* ABOUT THIS EXERCISE: Among the lines of the listing below, retype exactly those from the one containing "顆粒物排放極限:耐火材料工業" through the one containing "Kolkas lībiešu pēcteču", both included. Do not include pictures.

(PROVIDED DATA)

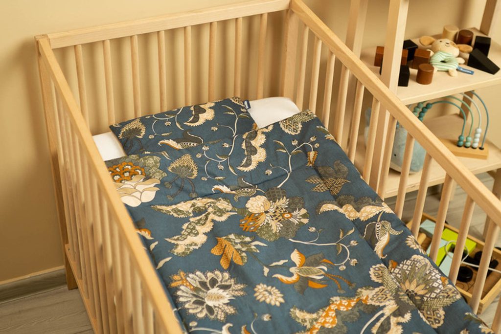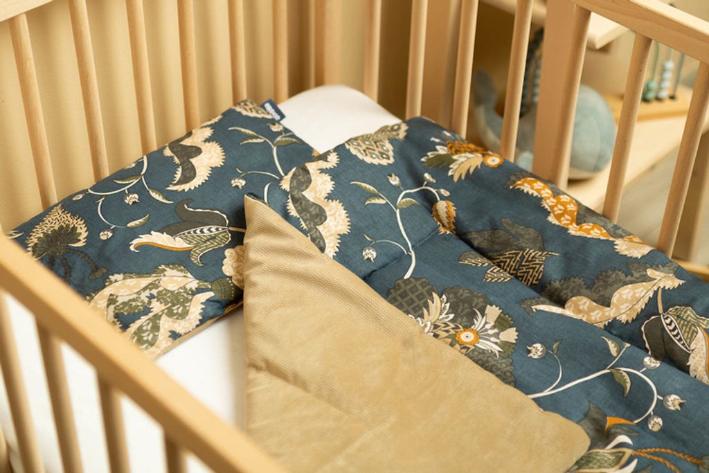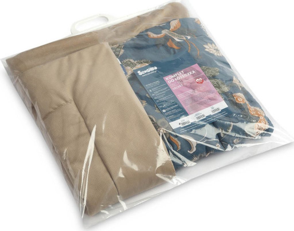Souprava do postýlky je z jedné strany vyrobena z kvalitní, barevné bavlny a z druhé strany ze sametu příjemného na dotek. Skládá se z plochého polštáře a peřiny s antialergickou výplní. Měkká látka příjemně pohladí každé miminko.
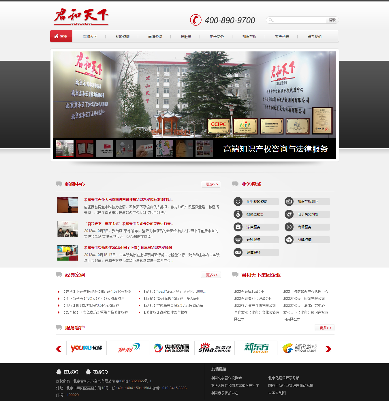 “君和天下咨詢(集團)有限公司”是以北京君和天下咨詢有限公司、中作君和(北京)文化傳播有限公司、君和天下研究院、北京永瑞律師事務所、北京中卡信知識產權代理中心為主體構成的高
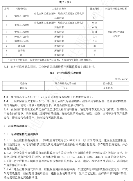 顆粒物排放極限:耐火材料工業干燥及燒成窯,剛玉類工業熔煉爐、熔化爐、鋁石窯:10mg/m3。
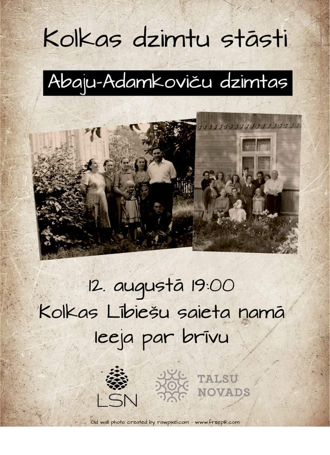 Kolkas lībiešu pēcteču dzimtām veltītajā vakarā aplūkosim abas dzimtas vienkopus. Pasākuma iesākumā paredzēta bilžu prezentācija un stāstījums par Abaju un Adamkoviču dzimtas pārstāvjiem no pašiem senākajiem laikiem līdz pat mūsdienām. Sanākušie būs mīļi aicināti dalīties īsos atmiņu stāstos par aplūkotajām personām, kuras savulaik bijušas gana aktīvas Kolkas ciema darba un sabiedriskajā dzīvē. Vakaru papildinās muzikāls pavadījums Māras, Mārtiņa un Rūtas Abaju izpildījumā.
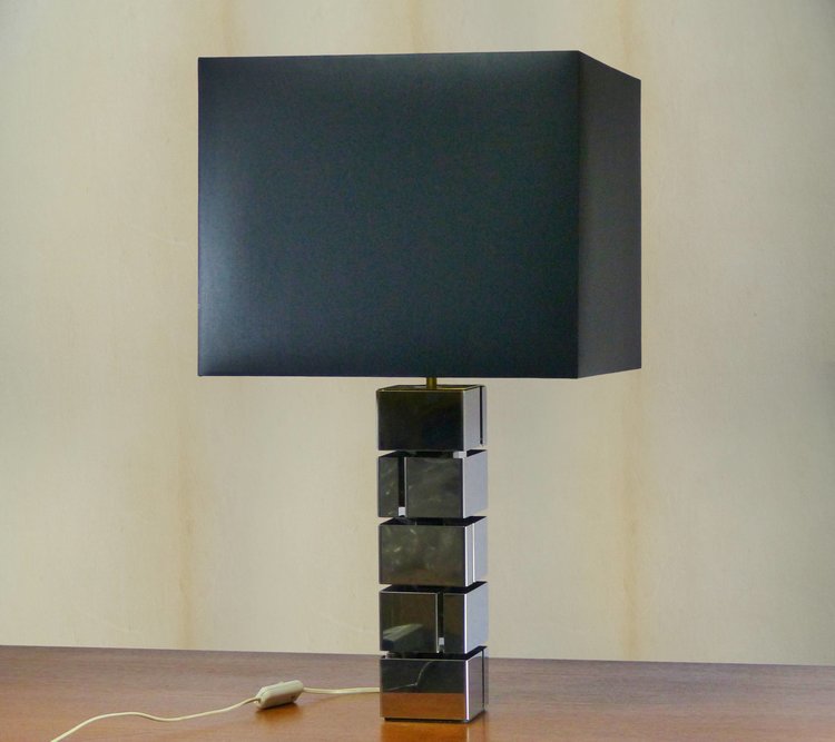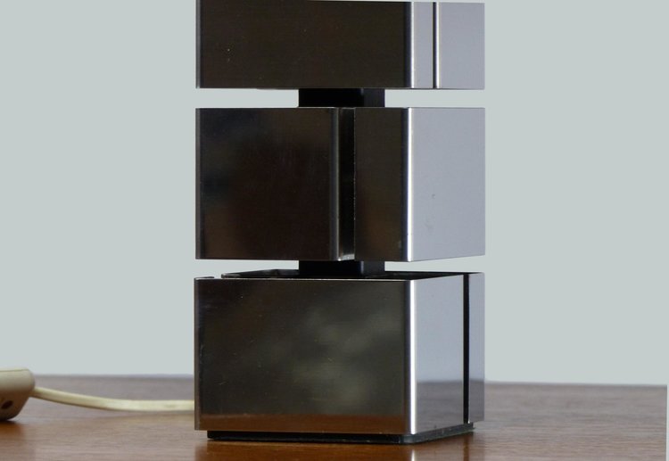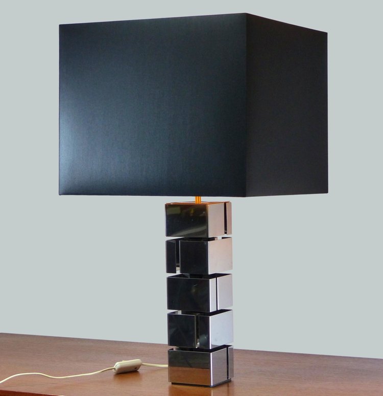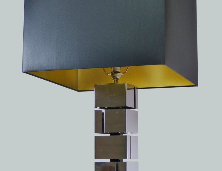 Large sculptural table lamp by the American designer Curtis Jere, made of chromed metal with a square base.
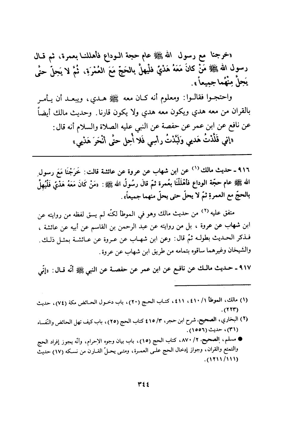 916 - حديث مالك عن ابن شهاب عن عروة عن عائشة قالت: خَرَجْنَا مَعَ رسولِ الله - صلى الله عليه وسلم - عام حجّة الوداع فأهْلَلْنَا بعُمرة ثمّ قالَ رسُولُ الله - صلى الله عليه وسلم -: "مَنْ كَانَ مَعَهُ هَدْيٌ فَلْيُهِلَّ بالحجّ مع العمرةِ ثمّ لا يحلّ حتى يحلّ منهما جميعًا".

(End PROVIDED DATA)

* EXERCISE RESPONSE:
 顆粒物排放極限:耐火材料工業干燥及燒成窯,剛玉類工業熔煉爐、熔化爐、鋁石窯:10mg/m3。
 Kolkas lībiešu pēcteču dzimtām veltītajā vakarā aplūkosim abas dzimtas vienkopus. Pasākuma iesākumā paredzēta bilžu prezentācija un stāstījums par Abaju un Adamkoviču dzimtas pārstāvjiem no pašiem senākajiem laikiem līdz pat mūsdienām. Sanākušie būs mīļi aicināti dalīties īsos atmiņu stāstos par aplūkotajām personām, kuras savulaik bijušas gana aktīvas Kolkas ciema darba un sabiedriskajā dzīvē. Vakaru papildinās muzikāls pavadījums Māras, Mārtiņa un Rūtas Abaju izpildījumā.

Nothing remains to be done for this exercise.